Я собирался писать только о церквах, но опять отвлекаюсь. Я мог бы сказать, что церковь Благовещения – это чаща прекрасных колонн, статуй, позолоченных карнизов и бесчисленных фресок, но это даст лишь слабое представление о ней, – так зачем же стараться? Эту церковь целиком воздвигла одна семья, и у нее еще остались деньги. Тут какая-то тайна. Нам казалось, что такие расходы по плечу только монетному двору.

Здешние жители обитают в самых массивных, самых высоких, самых широких, самых темных и самых прочных домах, какие только можно вообразить. Любой дом сумел бы «смеяться над осадой». Фасад в сто футов шириной и сто футов высотой – таков местный стиль, и только пройдя три марша лестницы, начинаешь замечать признаки присутствия человека. Все из камня – из самого тяжелого камня: полы, лестницы, камины, скамьи – все. Стены – толщиной в четыре-пять футов. Улицы – шириной от четырех до восьми футов и извилистые, как штопор. Идешь по такой мрачной щели, посмотришь вверх – и видишь над головой, там, где почти сходятся крыши высоких домов по обеим сторонам улицы, только узкую светлую полоску неба. И кажется, что ты попал на дно глубокой пропасти и весь мир где-то далеко в вышине над тобой. Кружишься в запутанном лабиринте, не зная, куда идешь, теряя всякое понятие о направлении, словно слепой. Никак не удается убедить себя в том, что это действительно улицы, что в этих хмурых, грязных, чудовищных домах живут люди, пока не увидишь, как в дверях мелькнет одна из здешних изящно одетых красавиц, не увидишь, как она выйдет из мрачного логова, настоящего подземелья, только расположенного где-то под небесами. И не понимаешь, как такая прелестная бабочка могла появиться из столь безобразного кокона. Очень мудро, что улицы такие узкие, а дома – массивные, крепкие и каменные: в этом палящем климате они остаются прохладными. Люди ищут прохлады и находят ее. Кстати, мужчины здесь носят шляпы и очень смуглы, а женщины носят на голове лишь прозрачные вуали, и все же у них ослепительно белая кожа. Странно, не правда ли?

Каждый из просторных генуэзских дворцов предназначен для одной семьи, хотя, по-моему, в нем уместилась бы и сотня. Это свидетельства былого величия Генуи, воспоминания о тех счастливых днях, когда она, несколько веков тому назад, была крупнейшей торговой и морской державой. Эти дома, эти дворцы, построенные из чистого мрамора, чаще всего бывают снаружи грязноватого розового цвета и от фундамента до кровли покрыты росписью, изображающей генуэзские победы, чудовищных Юпитеров и Купидонов и привычные сцены из греческой мифологии. Там, где краска под действием времени и непогоды потрескалась и облупилась, эффект получается не очень удачный: безносый Купидон, Юпитер с выбитым глазом или Венера с болячкой на груди не способствуют украшению картины. Эти расписанные стены напоминают мне высокий фургон, облепленный пестрыми плакатами и афишами, который движется по деревенской улице вслед за повозкой с цирковым оркестром. Мне не приходилось ни слышать, ни читать, чтобы где-нибудь еще в Европе фасады домов украшались подобными фресками.

Я никак не могу представить себе Геную в развалинах. Таких массивных сводов, таких мощных фундаментов, поддерживающих эти уходящие в небо, растянувшиеся на целые улицы постройки, нам еще не приходилось видеть; огромные каменные глыбы, из которых они сложены, не могут распасться; стены, толщина которых равна высоте обычной американской двери, не могут рухнуть.

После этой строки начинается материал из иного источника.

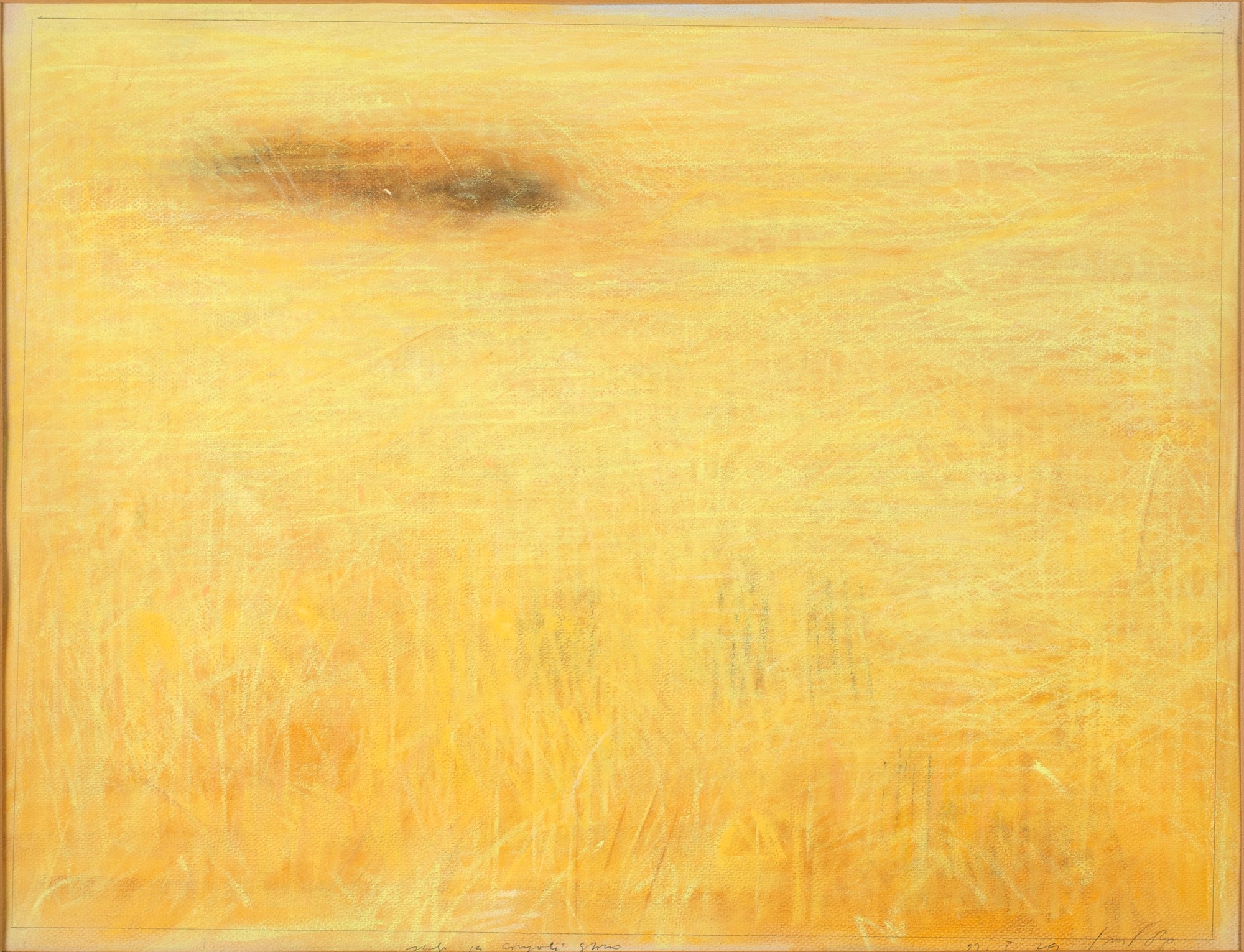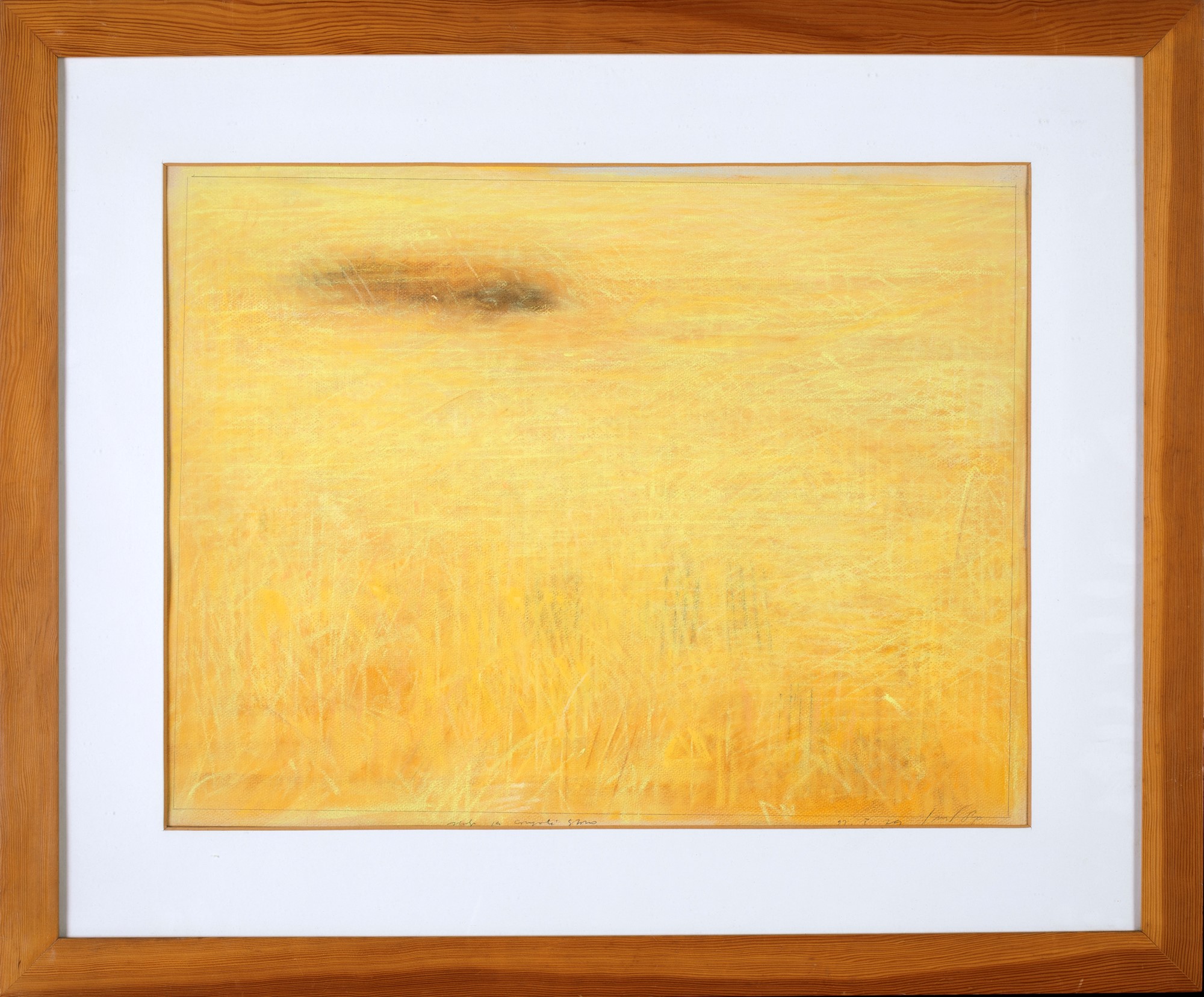 Firma, titolo e data sul fronte in basso "Studio per campo di grano / 22.5.1979 / Guccione". Al verso reca etichetta Galleria Il Gabbiano (Roma).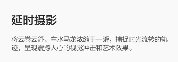 数码变焦、延时摄影、慢动作等绝技,都不在话下,拍完后还可自动为你挑选和剪辑精华片段,配乐与转场也统统搞定。
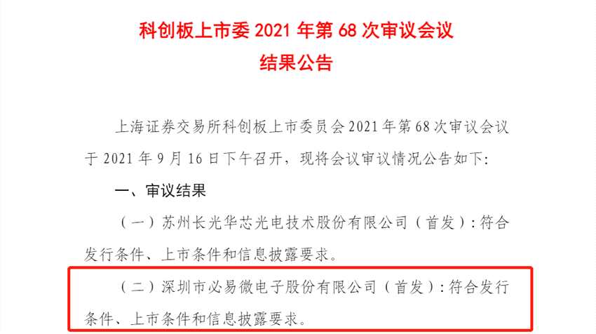 9月16日訊 9月16日,科創(chuàng)板上市委公告,深圳市必易微電子股份有限公司首發(fā)獲通過,將于上交所科創(chuàng)板上市。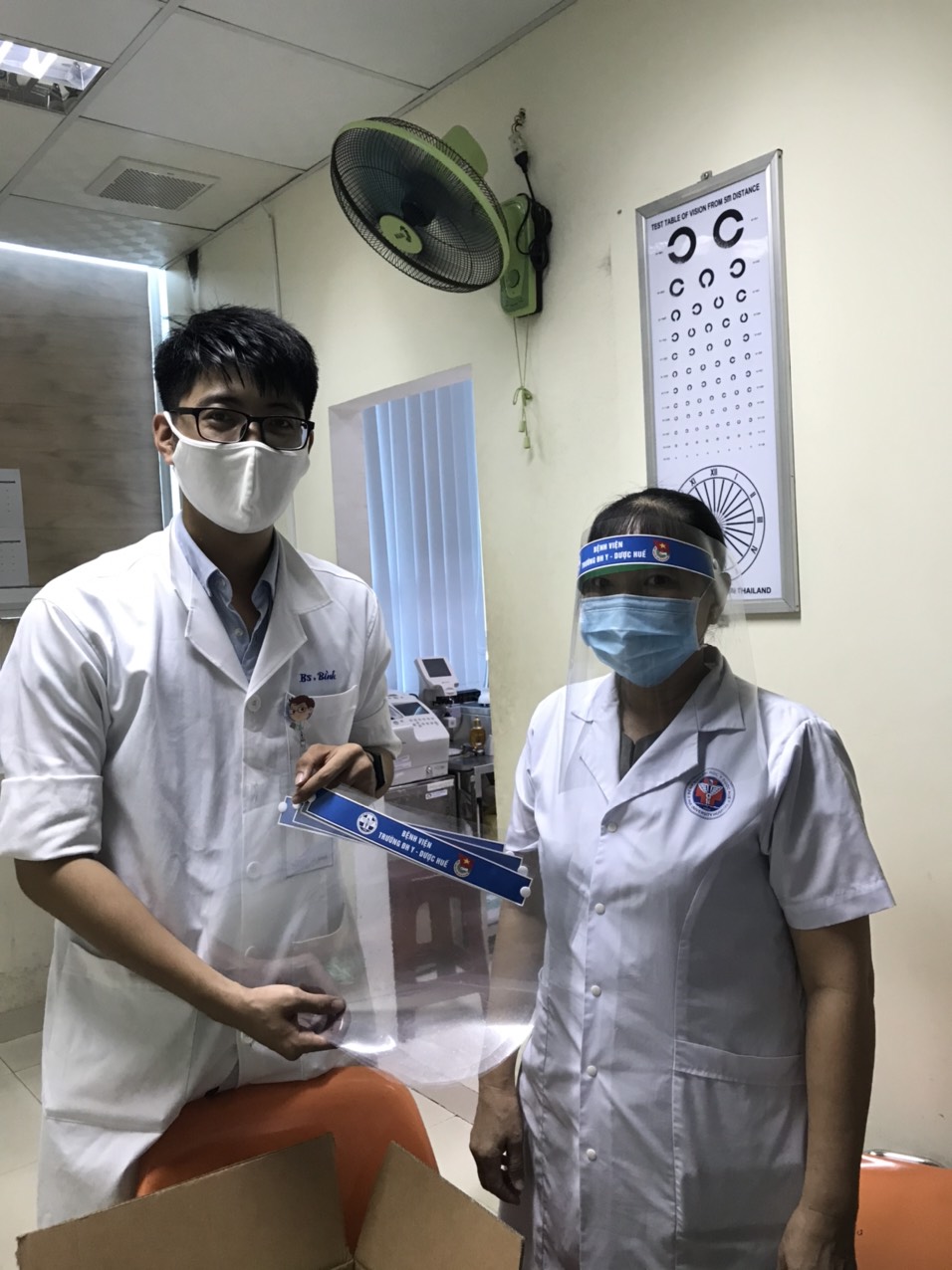 Được sự chỉ đạo của Ban Giám đốc Bệnh viện, Ban chấp hành Liên chi đoàn Bệnh viện đã triển khai đợt ra quân làm kính chắn phòng hộ cho cán bộ y tế tại Bệnh viện, đặc biệt là cán bộ làm công tác chuyên môn trực tiếp tiếp xúc với người bệnh. Để ứng phó lâu dài với dịch, Liên chi đoàn cũng đã huy động sức mạnh của toàn thể đoàn viên thanh niên quyết tâm hoàn thành tổng cộng 700 tấm kính chắn giọt bắn nhằm đảm bảo cơ số cần thiết cho công tác phòng chống dịch trong thời gian 10 ngày. Trong ba tuần vừa qua, đại diện Liên chi đoàn Bệnh viện đã trực tiếp trao tặng hơn 500 tấm kính chắn cho các anh chị em phòng khám, phòng tài chính kế toán. Sau đó, Liên chi đoàn cũng đã nhanh chóng trao tặng đến cán bộ tại các Phòng khám, Trung tâm cấp cứu và đột quỵ, Khoa Xét nghiệm, bộ phận phân luồng, khám sàng lọc và các Khoa phòng, Trung tâm, Đơn vị tại Bệnh viên.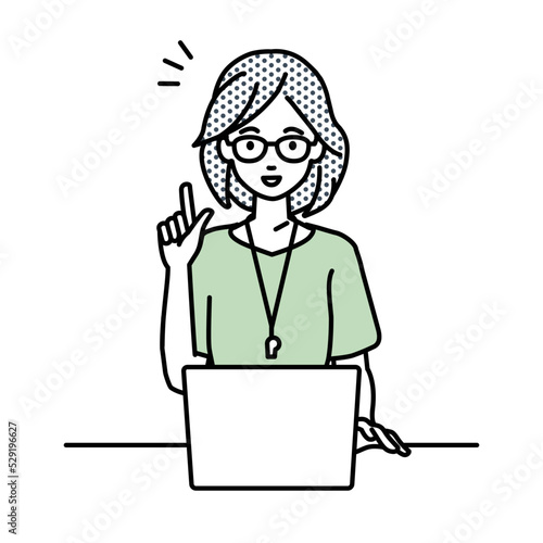 デスクで座ってPCを開いて何かひらめいた教師の女性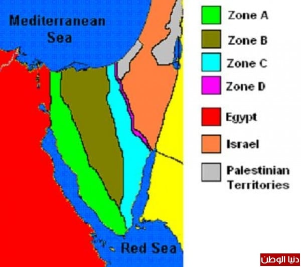 حسب الاتفاقيات فان شبه جزيرة سيناء قسمت إلى مناطق تتوزع فيها الحشود العسكرية بدرجات متفاوتة، كما موضح في الخريطة: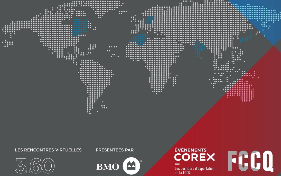 Les rencontres 3.60 COREX, présentées en collaboration avec le réseau des chambres de commerce du Québec et les organismes régionaux de promotion des exportations (ORPEX), visent à fournir aux dirigeants et chefs d'entreprise de l'information stratégique et des conseils judicieux pour les aider à s'adapter au nouvel environnement d'affaires dans lequel ils évoluent dorénavant à l'échelle nationale et internationale.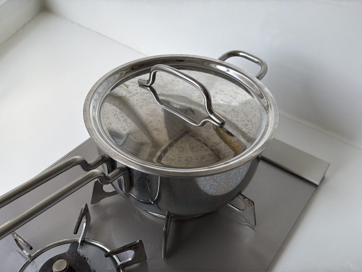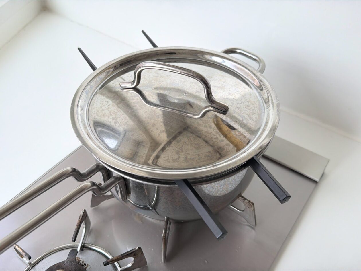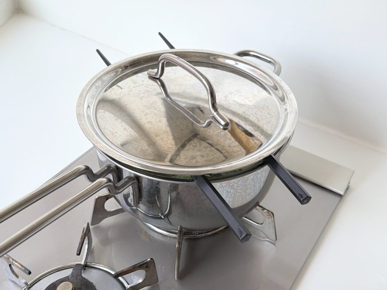 鍋の中がぽこぽこと沸いたら、鍋底から米粒をはがすようにおたまでゆっくりまぜる。鍋にお箸を渡してフタをした状態で、ふつふつと波打つ程度の弱〜中火で20分煮込む。

В Средние века республики Генуя и Пиза были очень могущественны. Средиземное море кишело их кораблями, и они вели оживленную торговлю с Константинополем и Сирией. Их склады были огромным перевалочным пунктом, откуда дорогие товары Востока расходились по всей Европе. Эти крохотные государства были очень воинственны и бросали в те дни вызов странам, рядом с которыми они теперь – лишь кротовый холмик рядом с горой. Девятьсот лет тому назад сарацины захватили и разграбили Геную, но в следующем столетии Генуя и Пиза, заключив оборонительный и наступательный союз, подвергли осаде сарацинские колонии в Сардинии и на Балеарских островах и в течение сорока лет упрямо добивались своей цели. В конце концов они одержали победу и разделили добычу поровну между могущественнейшими патрицианскими семьями. Потомки некоторых из этих прославленных семей еще поныне обитают во дворцах Генуи, и в их лицах можно найти сходство с висящими в величественных залах этих дворцов портретами суровых рыцарей и лукаво улыбающихся пухлыми губками красавиц, чьи оригиналы истлели уже много столетий назад.

Отель, в котором мы живем, принадлежал во времена Крестовых походов одному из великих рыцарских орденов; в его массивных башнях некогда несли стражу закованные в латы часовые, и их обутые в железо ноги будили эхо в залах и коридорах.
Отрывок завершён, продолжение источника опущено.